What the task requires:
Nothing should differ. Repeat every record as written.

Excerpts from a dataset
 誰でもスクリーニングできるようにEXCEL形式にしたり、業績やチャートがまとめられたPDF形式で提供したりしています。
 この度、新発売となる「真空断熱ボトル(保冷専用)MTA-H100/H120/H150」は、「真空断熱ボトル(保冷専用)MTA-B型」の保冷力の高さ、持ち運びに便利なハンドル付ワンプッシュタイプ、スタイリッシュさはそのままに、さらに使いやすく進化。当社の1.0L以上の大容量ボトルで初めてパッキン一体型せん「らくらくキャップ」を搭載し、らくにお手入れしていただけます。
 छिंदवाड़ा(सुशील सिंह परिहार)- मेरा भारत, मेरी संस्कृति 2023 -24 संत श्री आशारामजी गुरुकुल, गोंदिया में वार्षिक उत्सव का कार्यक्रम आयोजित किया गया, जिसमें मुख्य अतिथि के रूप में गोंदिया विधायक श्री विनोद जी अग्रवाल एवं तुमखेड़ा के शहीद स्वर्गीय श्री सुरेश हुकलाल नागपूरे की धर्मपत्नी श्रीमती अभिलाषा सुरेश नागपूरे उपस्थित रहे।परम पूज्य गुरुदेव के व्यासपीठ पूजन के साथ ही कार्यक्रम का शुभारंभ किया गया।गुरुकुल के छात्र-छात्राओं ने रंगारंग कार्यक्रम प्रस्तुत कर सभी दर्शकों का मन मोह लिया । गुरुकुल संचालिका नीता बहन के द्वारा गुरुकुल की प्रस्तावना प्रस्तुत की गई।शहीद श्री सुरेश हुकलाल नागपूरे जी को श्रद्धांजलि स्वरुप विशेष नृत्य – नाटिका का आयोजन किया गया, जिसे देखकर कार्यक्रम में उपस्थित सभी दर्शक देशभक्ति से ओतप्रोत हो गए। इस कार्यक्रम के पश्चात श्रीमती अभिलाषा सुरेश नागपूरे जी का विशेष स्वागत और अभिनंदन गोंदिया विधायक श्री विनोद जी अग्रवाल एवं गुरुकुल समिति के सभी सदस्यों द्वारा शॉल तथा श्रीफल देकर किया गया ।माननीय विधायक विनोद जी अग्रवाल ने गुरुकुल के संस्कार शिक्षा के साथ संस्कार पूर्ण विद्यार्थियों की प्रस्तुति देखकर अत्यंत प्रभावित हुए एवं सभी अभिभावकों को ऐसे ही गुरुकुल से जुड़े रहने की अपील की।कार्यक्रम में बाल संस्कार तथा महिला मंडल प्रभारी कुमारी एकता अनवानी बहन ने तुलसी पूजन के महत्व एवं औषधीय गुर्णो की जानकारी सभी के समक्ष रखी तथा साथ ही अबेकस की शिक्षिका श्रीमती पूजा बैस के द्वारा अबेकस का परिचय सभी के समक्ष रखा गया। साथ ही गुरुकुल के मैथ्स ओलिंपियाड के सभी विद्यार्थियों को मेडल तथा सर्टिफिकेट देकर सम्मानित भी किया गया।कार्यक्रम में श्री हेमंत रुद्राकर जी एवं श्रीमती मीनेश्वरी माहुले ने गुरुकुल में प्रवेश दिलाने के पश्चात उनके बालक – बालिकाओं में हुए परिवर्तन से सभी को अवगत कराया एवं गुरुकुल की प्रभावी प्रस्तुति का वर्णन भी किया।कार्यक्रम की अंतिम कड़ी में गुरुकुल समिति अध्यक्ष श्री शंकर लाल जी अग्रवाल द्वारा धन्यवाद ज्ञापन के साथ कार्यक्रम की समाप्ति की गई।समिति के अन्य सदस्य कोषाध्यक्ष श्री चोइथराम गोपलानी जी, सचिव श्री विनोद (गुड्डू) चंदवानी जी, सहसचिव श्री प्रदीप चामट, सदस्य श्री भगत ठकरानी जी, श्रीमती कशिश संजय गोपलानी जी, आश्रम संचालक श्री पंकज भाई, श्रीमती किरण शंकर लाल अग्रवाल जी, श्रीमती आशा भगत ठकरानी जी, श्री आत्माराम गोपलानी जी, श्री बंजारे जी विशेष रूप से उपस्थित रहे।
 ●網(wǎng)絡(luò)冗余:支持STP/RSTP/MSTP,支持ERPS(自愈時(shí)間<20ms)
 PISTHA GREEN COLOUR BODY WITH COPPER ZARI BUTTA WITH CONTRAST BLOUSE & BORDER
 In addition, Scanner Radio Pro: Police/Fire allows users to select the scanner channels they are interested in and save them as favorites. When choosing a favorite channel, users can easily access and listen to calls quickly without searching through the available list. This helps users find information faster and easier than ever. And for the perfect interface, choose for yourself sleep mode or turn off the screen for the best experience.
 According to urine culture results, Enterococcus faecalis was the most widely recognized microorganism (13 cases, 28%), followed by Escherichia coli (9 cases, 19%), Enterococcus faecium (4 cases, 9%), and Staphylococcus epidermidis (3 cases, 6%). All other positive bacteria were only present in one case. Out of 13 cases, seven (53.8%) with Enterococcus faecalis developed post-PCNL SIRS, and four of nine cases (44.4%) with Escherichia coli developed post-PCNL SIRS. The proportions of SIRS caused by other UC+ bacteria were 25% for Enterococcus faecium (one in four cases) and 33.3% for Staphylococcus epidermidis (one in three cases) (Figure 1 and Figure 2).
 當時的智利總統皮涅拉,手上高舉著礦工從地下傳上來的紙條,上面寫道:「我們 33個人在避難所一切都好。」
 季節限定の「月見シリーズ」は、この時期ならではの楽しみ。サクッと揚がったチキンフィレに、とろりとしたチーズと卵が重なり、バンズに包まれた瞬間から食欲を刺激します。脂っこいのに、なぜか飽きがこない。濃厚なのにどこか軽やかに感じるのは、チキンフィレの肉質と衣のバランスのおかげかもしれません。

Solution below:
 誰でもスクリーニングできるようにEXCEL形式にしたり、業績やチャートがまとめられたPDF形式で提供したりしています。
 この度、新発売となる「真空断熱ボトル(保冷専用)MTA-H100/H120/H150」は、「真空断熱ボトル(保冷専用)MTA-B型」の保冷力の高さ、持ち運びに便利なハンドル付ワンプッシュタイプ、スタイリッシュさはそのままに、さらに使いやすく進化。当社の1.0L以上の大容量ボトルで初めてパッキン一体型せん「らくらくキャップ」を搭載し、らくにお手入れしていただけます。
 छिंदवाड़ा(सुशील सिंह परिहार)- मेरा भारत, मेरी संस्कृति 2023 -24 संत श्री आशारामजी गुरुकुल, गोंदिया में वार्षिक उत्सव का कार्यक्रम आयोजित किया गया, जिसमें मुख्य अतिथि के रूप में गोंदिया विधायक श्री विनोद जी अग्रवाल एवं तुमखेड़ा के शहीद स्वर्गीय श्री सुरेश हुकलाल नागपूरे की धर्मपत्नी श्रीमती अभिलाषा सुरेश नागपूरे उपस्थित रहे।परम पूज्य गुरुदेव के व्यासपीठ पूजन के साथ ही कार्यक्रम का शुभारंभ किया गया।गुरुकुल के छात्र-छात्राओं ने रंगारंग कार्यक्रम प्रस्तुत कर सभी दर्शकों का मन मोह लिया । गुरुकुल संचालिका नीता बहन के द्वारा गुरुकुल की प्रस्तावना प्रस्तुत की गई।शहीद श्री सुरेश हुकलाल नागपूरे जी को श्रद्धांजलि स्वरुप विशेष नृत्य – नाटिका का आयोजन किया गया, जिसे देखकर कार्यक्रम में उपस्थित सभी दर्शक देशभक्ति से ओतप्रोत हो गए। इस कार्यक्रम के पश्चात श्रीमती अभिलाषा सुरेश नागपूरे जी का विशेष स्वागत और अभिनंदन गोंदिया विधायक श्री विनोद जी अग्रवाल एवं गुरुकुल समिति के सभी सदस्यों द्वारा शॉल तथा श्रीफल देकर किया गया ।माननीय विधायक विनोद जी अग्रवाल ने गुरुकुल के संस्कार शिक्षा के साथ संस्कार पूर्ण विद्यार्थियों की प्रस्तुति देखकर अत्यंत प्रभावित हुए एवं सभी अभिभावकों को ऐसे ही गुरुकुल से जुड़े रहने की अपील की।कार्यक्रम में बाल संस्कार तथा महिला मंडल प्रभारी कुमारी एकता अनवानी बहन ने तुलसी पूजन के महत्व एवं औषधीय गुर्णो की जानकारी सभी के समक्ष रखी तथा साथ ही अबेकस की शिक्षिका श्रीमती पूजा बैस के द्वारा अबेकस का परिचय सभी के समक्ष रखा गया। साथ ही गुरुकुल के मैथ्स ओलिंपियाड के सभी विद्यार्थियों को मेडल तथा सर्टिफिकेट देकर सम्मानित भी किया गया।कार्यक्रम में श्री हेमंत रुद्राकर जी एवं श्रीमती मीनेश्वरी माहुले ने गुरुकुल में प्रवेश दिलाने के पश्चात उनके बालक – बालिकाओं में हुए परिवर्तन से सभी को अवगत कराया एवं गुरुकुल की प्रभावी प्रस्तुति का वर्णन भी किया।कार्यक्रम की अंतिम कड़ी में गुरुकुल समिति अध्यक्ष श्री शंकर लाल जी अग्रवाल द्वारा धन्यवाद ज्ञापन के साथ कार्यक्रम की समाप्ति की गई।समिति के अन्य सदस्य कोषाध्यक्ष श्री चोइथराम गोपलानी जी, सचिव श्री विनोद (गुड्डू) चंदवानी जी, सहसचिव श्री प्रदीप चामट, सदस्य श्री भगत ठकरानी जी, श्रीमती कशिश संजय गोपलानी जी, आश्रम संचालक श्री पंकज भाई, श्रीमती किरण शंकर लाल अग्रवाल जी, श्रीमती आशा भगत ठकरानी जी, श्री आत्माराम गोपलानी जी, श्री बंजारे जी विशेष रूप से उपस्थित रहे।
 ●網(wǎng)絡(luò)冗余:支持STP/RSTP/MSTP,支持ERPS(自愈時(shí)間<20ms)
 PISTHA GREEN COLOUR BODY WITH COPPER ZARI BUTTA WITH CONTRAST BLOUSE & BORDER
 In addition, Scanner Radio Pro: Police/Fire allows users to select the scanner channels they are interested in and save them as favorites. When choosing a favorite channel, users can easily access and listen to calls quickly without searching through the available list. This helps users find information faster and easier than ever. And for the perfect interface, choose for yourself sleep mode or turn off the screen for the best experience.
 According to urine culture results, Enterococcus faecalis was the most widely recognized microorganism (13 cases, 28%), followed by Escherichia coli (9 cases, 19%), Enterococcus faecium (4 cases, 9%), and Staphylococcus epidermidis (3 cases, 6%). All other positive bacteria were only present in one case. Out of 13 cases, seven (53.8%) with Enterococcus faecalis developed post-PCNL SIRS, and four of nine cases (44.4%) with Escherichia coli developed post-PCNL SIRS. The proportions of SIRS caused by other UC+ bacteria were 25% for Enterococcus faecium (one in four cases) and 33.3% for Staphylococcus epidermidis (one in three cases) (Figure 1 and Figure 2).
 當時的智利總統皮涅拉,手上高舉著礦工從地下傳上來的紙條,上面寫道:「我們 33個人在避難所一切都好。」
 季節限定の「月見シリーズ」は、この時期ならではの楽しみ。サクッと揚がったチキンフィレに、とろりとしたチーズと卵が重なり、バンズに包まれた瞬間から食欲を刺激します。脂っこいのに、なぜか飽きがこない。濃厚なのにどこか軽やかに感じるのは、チキンフィレの肉質と衣のバランスのおかげかもしれません。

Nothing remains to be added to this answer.